Trump’s intervention nonetheless electrified Netanyahu’s base, which sees the trial as a multi-year saga draining the prime minister’s time and energy at a moment of strategic transformation in the Middle East. For them, Trump’s letter reads as overdue validation.

Opponents see the opposite. They argue that the letter undermines the perception of Israel as a country where even the top leader faces judicial scrutiny without political shortcuts. Yair Lapid pointed to the foundational legal rule that a pardon typically requires admission of guilt and remorse. Netanyahu’s categorical refusal to admit anything, Lapid said earlier this year, closes the door to a pardon “before the conversation even begins.”

The Times of London obtained reactions from members of Herzog’s circle who described Trump’s request as “respectfully acknowledged but procedurally irrelevant.” One senior legal adviser told the paper that Netanyahu “would need to plead guilty or accept responsibility to even initiate the process,” something the adviser said is “incompatible with the prime minister’s public stance.” The same report noted that the President’s Office is determined to avoid being drawn into a political confrontation on the issue.
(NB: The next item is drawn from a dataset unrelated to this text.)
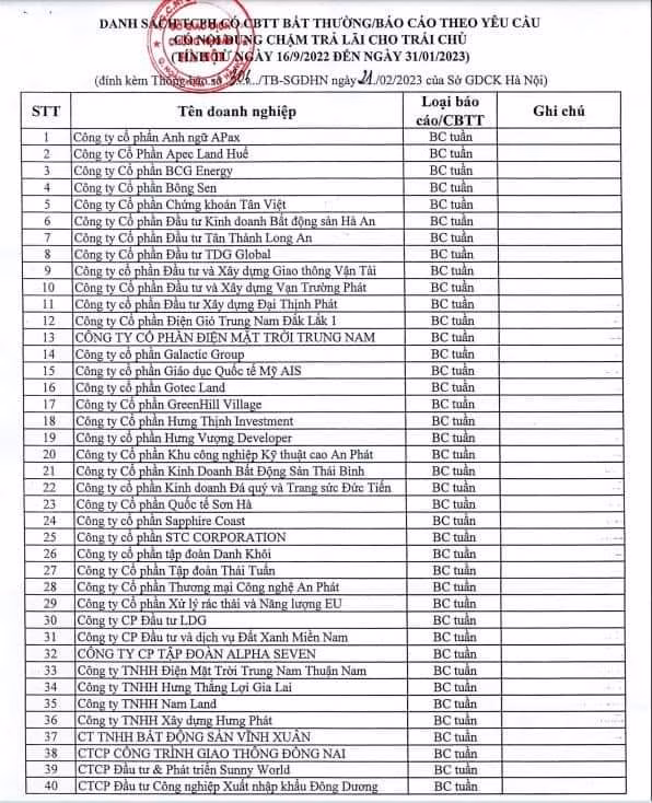 Một số doanh nghiệp nổi bật về chậm trả nợ trái phiếu trong danh sách này là: Công ty CP Anh ngữ Apax, Công ty CP Chứng khoán Tân Việt, Công ty CP Điện mặt trời Trung Nam, Công ty CP Tập đoàn Danh Khôi, Công ty CP địa ốc Sài Gòn Thương tín, Công ty CP Tập đoàn Đầu tư Địa ốc Nova, Công ty CP Hưng Thịnh Incons, Công ty CP Hưng Thịnh Investment, Công ty CP Đầu tư Hải Phát, Công ty CP Tập đoàn Thái Tuấn, Công ty CP Đầu tư LDG, Công ty CP Tập đoàn đầu tư An Đông, Công ty CP Dịch vụ Đất Xanh Miền Nam…

Within the coalition, several figures attempted to use Trump’s intervention to renew claims of judicial overreach, arguing that the trial drains critical wartime capacity and fractures national unity. Yet even they concede privately that the pardon route is blocked not by Herzog, but by Netanyahu’s own declared refusal.
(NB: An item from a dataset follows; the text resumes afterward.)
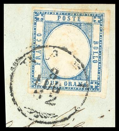 BARI, cerchio piccolo con fregio a tralcio punti R1 - 2 grana (20), perfetto, su sovracoperta di lettera del 8/7/1862 per Napoli. Molto ... Leggi tutto
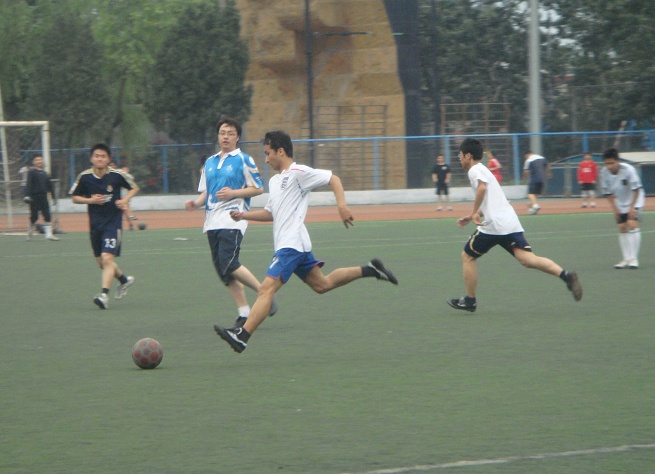 比赛进入下半场后,双方队员由于体力消耗较大,都放慢了比赛节奏,两队交替掌控球权,互有攻防。最终,06级足球队打破僵局,以一次成功的防守反击将比分改写为1:1。联队被追平比分后立即展开进攻,接连打入三粒进球,将比分改写为4:1。面对3分的分差,06级队伍没有气馁,趁着联队心态放松,连追3分,奇迹般地扳平了比分。终场哨声响起,全场比分定格在了4:4.,双方握手言和。

That refusal also carries political resonance. As Netanyahu considers a run for another term, he is branding himself as unbowed: wrongfully accused, unwilling to confess, unwilling to seek mercy, and determined to “let the people decide.” A pardon—particularly one linked to admission of guilt—would undermine the personal narrative he has built across decades.

The result is a deadlock conducted politely on the surface but firmly beneath it. Trump’s gesture was warmly received personally but functionally dismissed. Herzog maintains the guardrails. Netanyahu refuses to activate the procedure. The judiciary continues its work.

In the end, the only path to a pardon runs through Netanyahu himself—and he has closed that door. The political theater may continue, but the legal reality remains unchanged: as long as Netanyahu insists the case is baseless and refuses to admit any wrongdoing, the president’s pardon power cannot be touched, no matter who asks for it.